24
Advertencia: contenido sexual.
Tomándose su tiempo, Yūya cogió el mando a distancia, lo manejó con torpeza y pulsó el botón de silencio. La película continuó, luces y sombras sin sonido. Su boca encontró la de Yuzu en un beso largo y fluido, intercambiando calor por calor, sabor por sabor. Le puso una mano en la nuca y le dio un masaje. La excitación se tornaba algo oscuro e indescriptible, una sensación que ascendía en una oleada lenta desde los pies hasta la cabeza de Yuzu. Era más que deseo..., un anhelo tan absoluto que habría hecho cualquier cosa por saciarlo.
Yūya sujetó el dobladillo de la camiseta que llevaba Yuzu y tiró hacia arriba para despojarla de la tela. Sus dedos recorrieron los tirantes elásticos del sujetador y los hicieron bajar por los hombros antes de pasar al cierre de la parte de atrás. Ella se estremeció al notar que manipulaba los diminutos ganchos. Después de quitarle la prenda, Yūya le pasó las manos por los costados de la caja torácica y fue subiendo hasta abarcar sus pechos desnudos. Se inclinó sobre ella. Con diabólica lentitud, tomó un pezón en la boca, lo sostuvo entre los dientes y lo acarició con la lengua. Yuzu tuvo que morderse los labios para no suplicarle que la poseyera allí mismo. Él empezó a tirar con suavidad, repetidamente, lamiéndola entre tirón y tirón.
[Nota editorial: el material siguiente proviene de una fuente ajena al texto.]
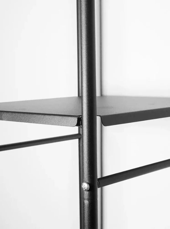 Универсальный дизайн стеллажа легко впишется в интерьеры разных стилей, а благодаря правильным пропорциям, он не займет много места, но при этом предоставит достаточно полезной площади. Металлические полки обеспечивают высокую грузоподъемность и устойчивость, что позволяет с легкостью использовать их для хранения разнообразного инвентаря.

Gimiendo, Yuzu agarró la parte de atrás de la camiseta de Yūya e intentó quitársela, ávida de sentir el contacto de su piel contra ella. Él se detuvo para despojarse de la prenda y la hizo retroceder hasta que estuvo tendida sobre el sofá. Tenía apuntalada la pierna herida, mientras que la sana se mecía con displicencia a un lado.
Después de bajar sobre ella, Yūya estampó la boca contra la suya, con besos bruscos, voluptuosos y dulces. Yuzu no acertaba a encontrarse en la repentina llamarada de sensación, no podía controlar nada. Le correspondió, dejándose atrapar como una estrella fugaz, ardiendo por dentro.
Tenuemente le oyó murmurar que debían parar un momento, tenían que usar alguna protección. Ella farfulló unas palabras para darle a entender que no era necesario, que tomaba la píldora para regular su ciclo, y él repuso que la llevaría arriba porque su primera vez no debía ser en el sofá. Pero siguieron besándose compulsivamente, con avidez, y Yūya bajó una mano para desabrocharle el pantalón corto. Se lo quitó de un tirón sobre las caderas llevándose consigo la ropa interior. Yuzu sintió el frescor del aire contra el ardor de su piel.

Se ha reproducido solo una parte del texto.